What this task involves: Transcribe the listing exactly, so that nothing but the pictures is missing.

-------- Exercise data

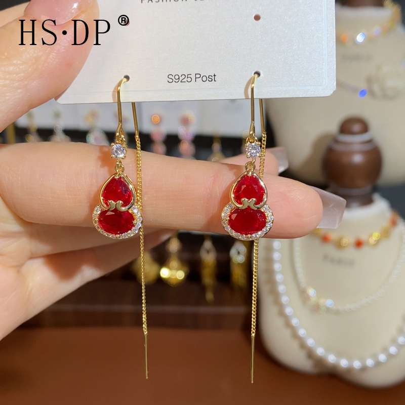 小众百搭红色锆石葫芦长款耳线女高级感气质耳环时尚轻奢风耳饰品
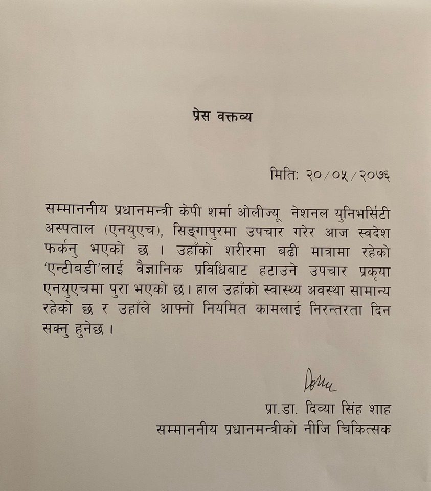 प्रधानमन्त्री केपी शर्मा ओलीले आफ्ना नियमित कामलाई निरन्तरता दिन सक्ने उनका निजी चिकित्सकले बताएका छन्। भदौ ५ गते उपचार गराउन सिंगापुर गएका प्रधानमन्त्री ओली आज स्वदेश फर्किए लगत्तै निजी चिकित्सक डा. दिव्या सिंह शाहले विज्ञप्ति जारी गर्दै प्रधानमन्त्रीको स्वास्थ्य अवस्था सामान्य रहेको बताएकी छन्।
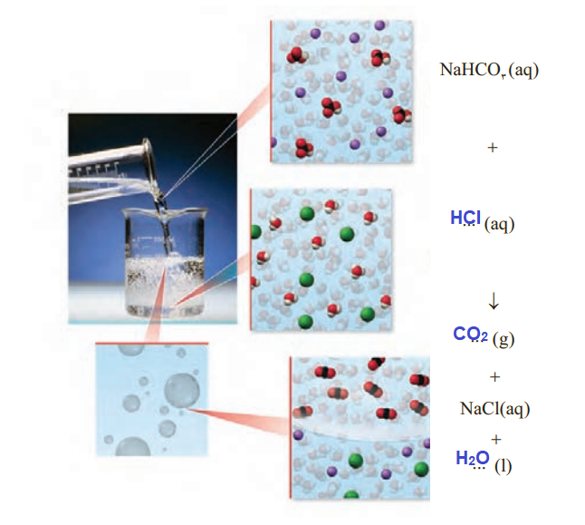 NaHCO3(aq)+HCl(aq)→CO2(g)+NaCl(aq)+H2O(l)
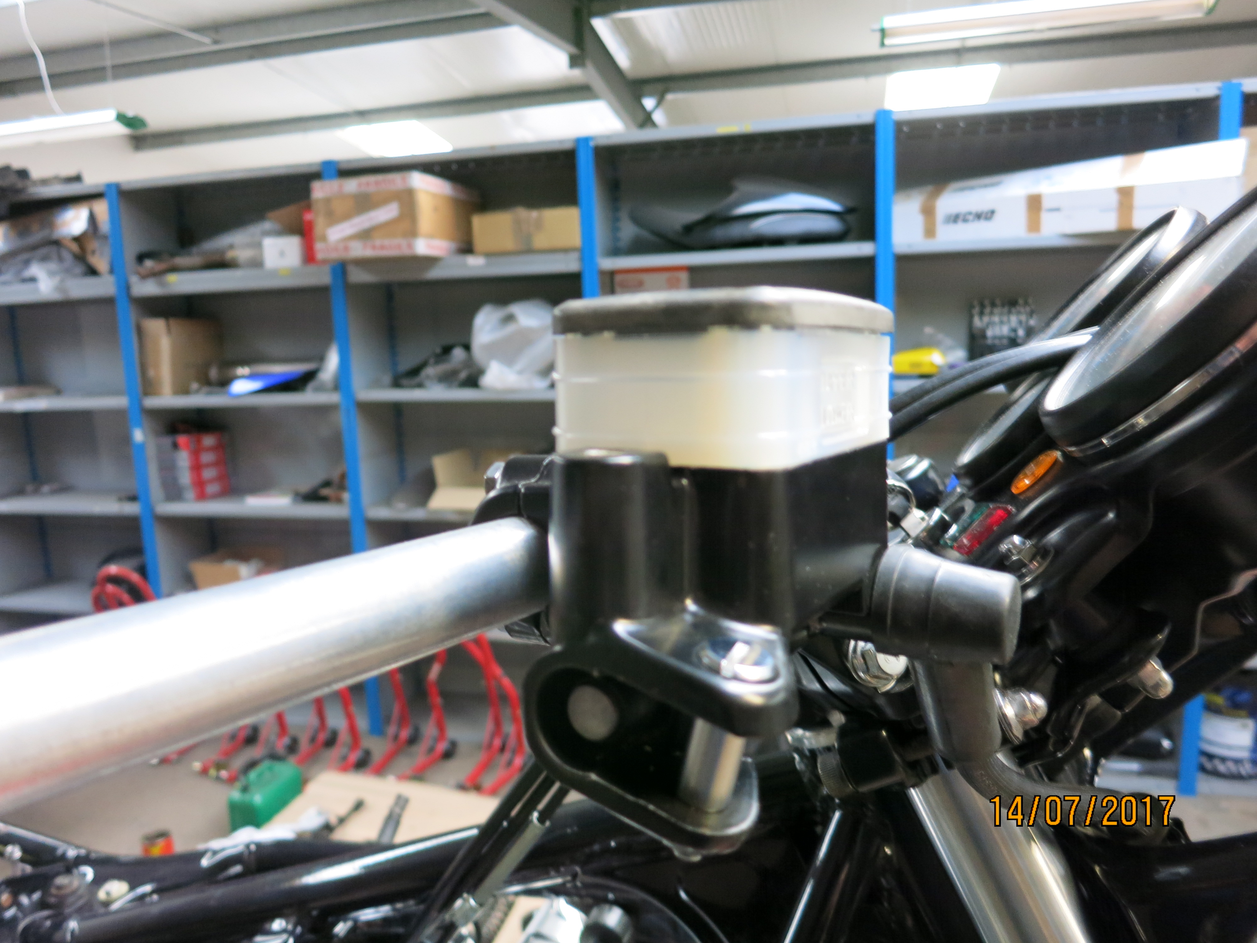 New front brake fluid reservoir, old one was manky and couldn't get it clear again despite several times through the dishwasher. Rear resevior is protected a bit by the side panel so I reused it.

----------------

Answer section:
 小众百搭红色锆石葫芦长款耳线女高级感气质耳环时尚轻奢风耳饰品
 प्रधानमन्त्री केपी शर्मा ओलीले आफ्ना नियमित कामलाई निरन्तरता दिन सक्ने उनका निजी चिकित्सकले बताएका छन्। भदौ ५ गते उपचार गराउन सिंगापुर गएका प्रधानमन्त्री ओली आज स्वदेश फर्किए लगत्तै निजी चिकित्सक डा. दिव्या सिंह शाहले विज्ञप्ति जारी गर्दै प्रधानमन्त्रीको स्वास्थ्य अवस्था सामान्य रहेको बताएकी छन्।
 NaHCO3(aq)+HCl(aq)→CO2(g)+NaCl(aq)+H2O(l)
 New front brake fluid reservoir, old one was manky and couldn't get it clear again despite several times through the dishwasher. Rear resevior is protected a bit by the side panel so I reused it.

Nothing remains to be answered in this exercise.